### GIVEN ENTRIES:
=== Section Start ===

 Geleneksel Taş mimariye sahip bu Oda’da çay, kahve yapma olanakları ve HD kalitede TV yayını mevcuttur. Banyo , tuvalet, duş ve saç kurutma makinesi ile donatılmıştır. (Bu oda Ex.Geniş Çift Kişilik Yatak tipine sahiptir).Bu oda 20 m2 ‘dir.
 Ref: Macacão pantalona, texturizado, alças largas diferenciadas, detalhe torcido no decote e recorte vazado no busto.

=== Section End ===
=== Section Start ===

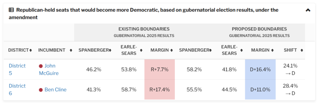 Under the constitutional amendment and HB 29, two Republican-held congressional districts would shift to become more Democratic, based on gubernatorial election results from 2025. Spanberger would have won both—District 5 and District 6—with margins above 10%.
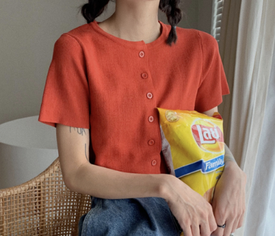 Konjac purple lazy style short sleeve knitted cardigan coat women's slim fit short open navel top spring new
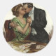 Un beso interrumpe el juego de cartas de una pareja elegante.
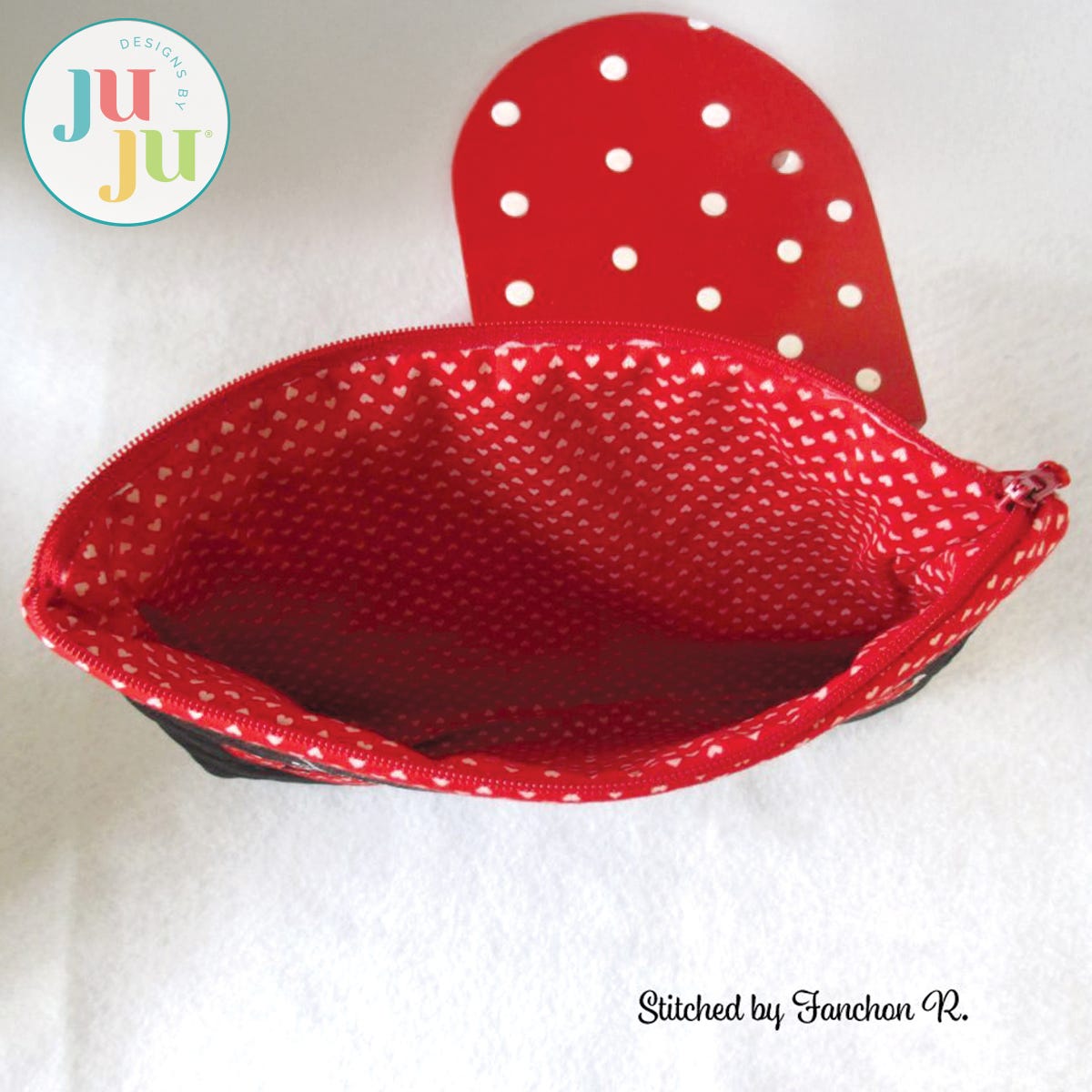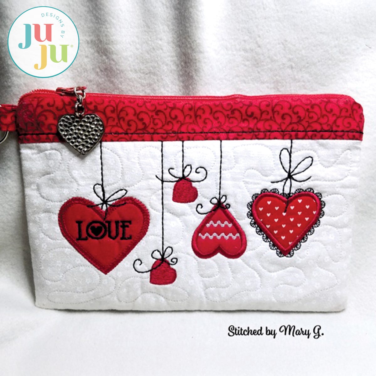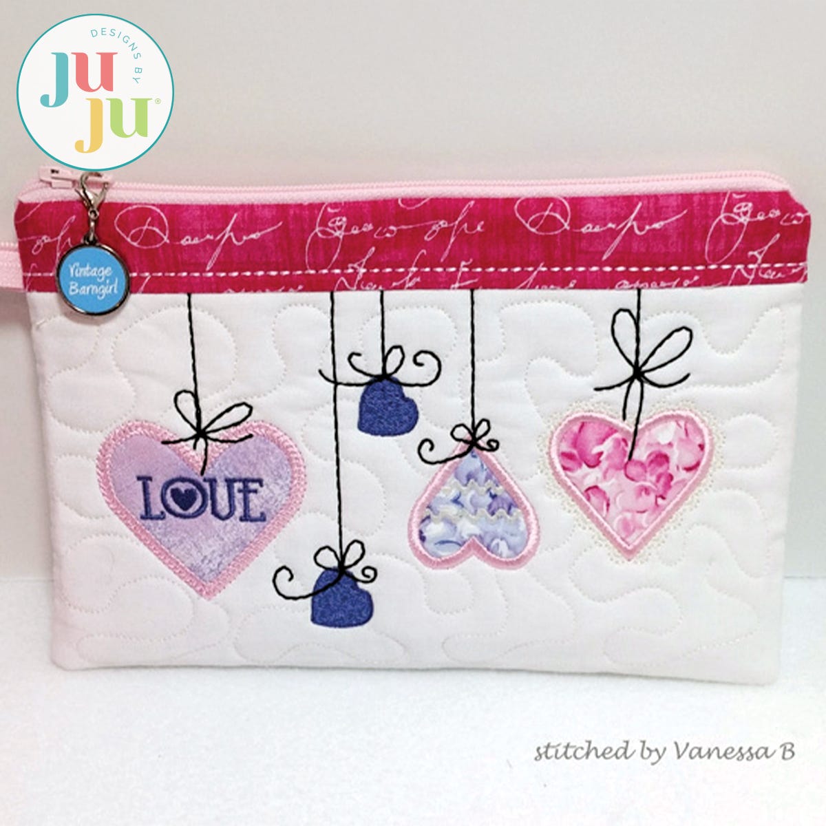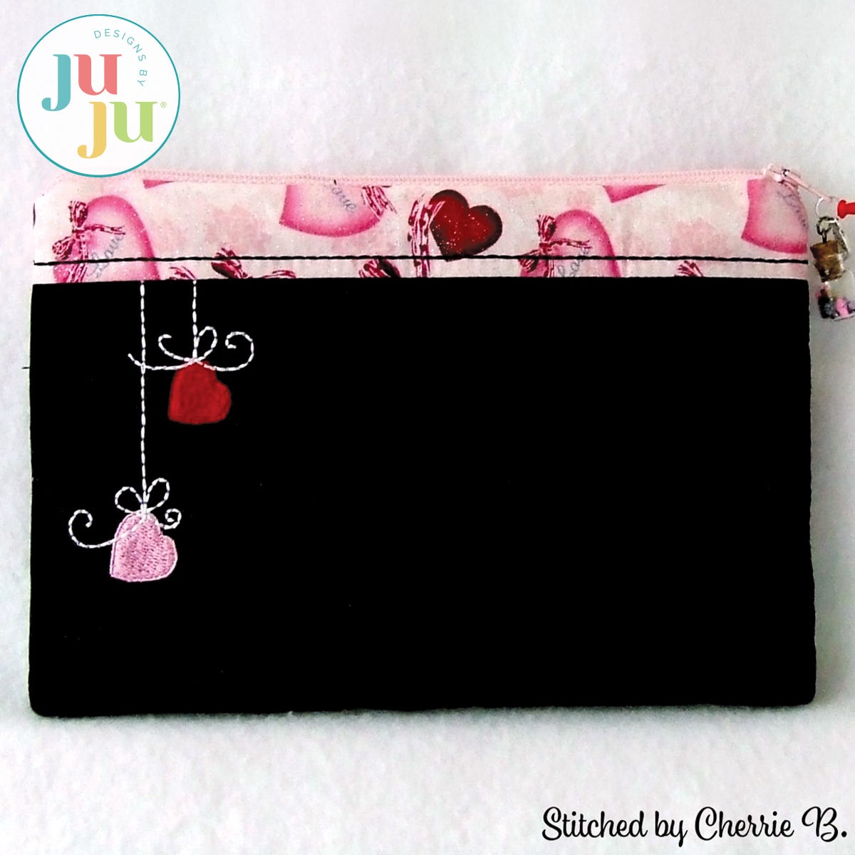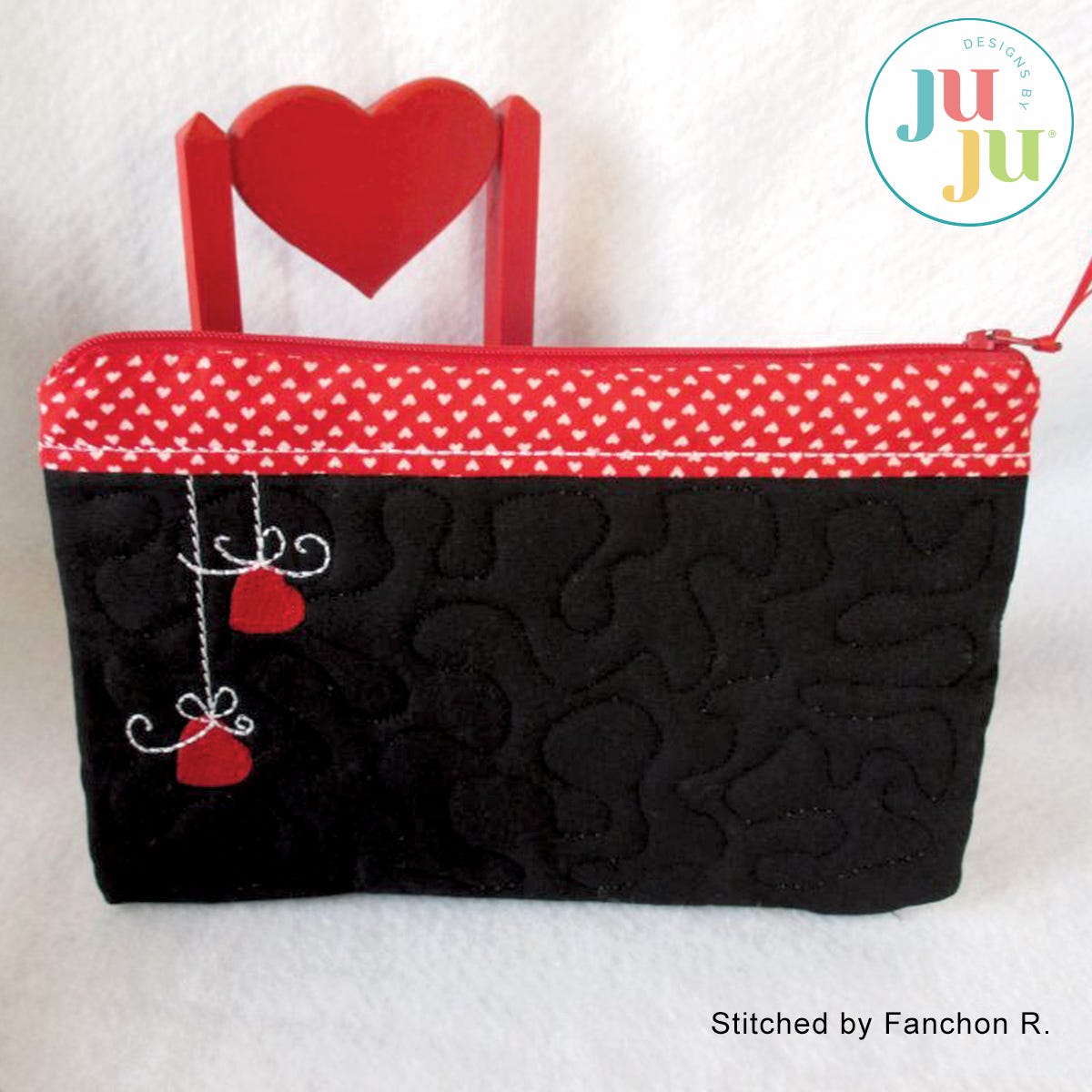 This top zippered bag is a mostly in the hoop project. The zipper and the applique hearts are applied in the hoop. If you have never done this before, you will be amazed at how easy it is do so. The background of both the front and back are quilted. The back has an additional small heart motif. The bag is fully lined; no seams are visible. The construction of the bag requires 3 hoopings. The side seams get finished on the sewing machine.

=== Section End ===

### PROBLEM DESCRIPTION:
Of all the entries above, output exactly the lines between the one holding "Geleneksel Taş mimariye" and the one holding "Ref: Macacão pantalona, texturizado, alças", inclusive.

### WRITTEN RESPONSE:
 Geleneksel Taş mimariye sahip bu Oda’da çay, kahve yapma olanakları ve HD kalitede TV yayını mevcuttur. Banyo , tuvalet, duş ve saç kurutma makinesi ile donatılmıştır. (Bu oda Ex.Geniş Çift Kişilik Yatak tipine sahiptir).Bu oda 20 m2 ‘dir.
 Ref: Macacão pantalona, texturizado, alças largas diferenciadas, detalhe torcido no decote e recorte vazado no busto.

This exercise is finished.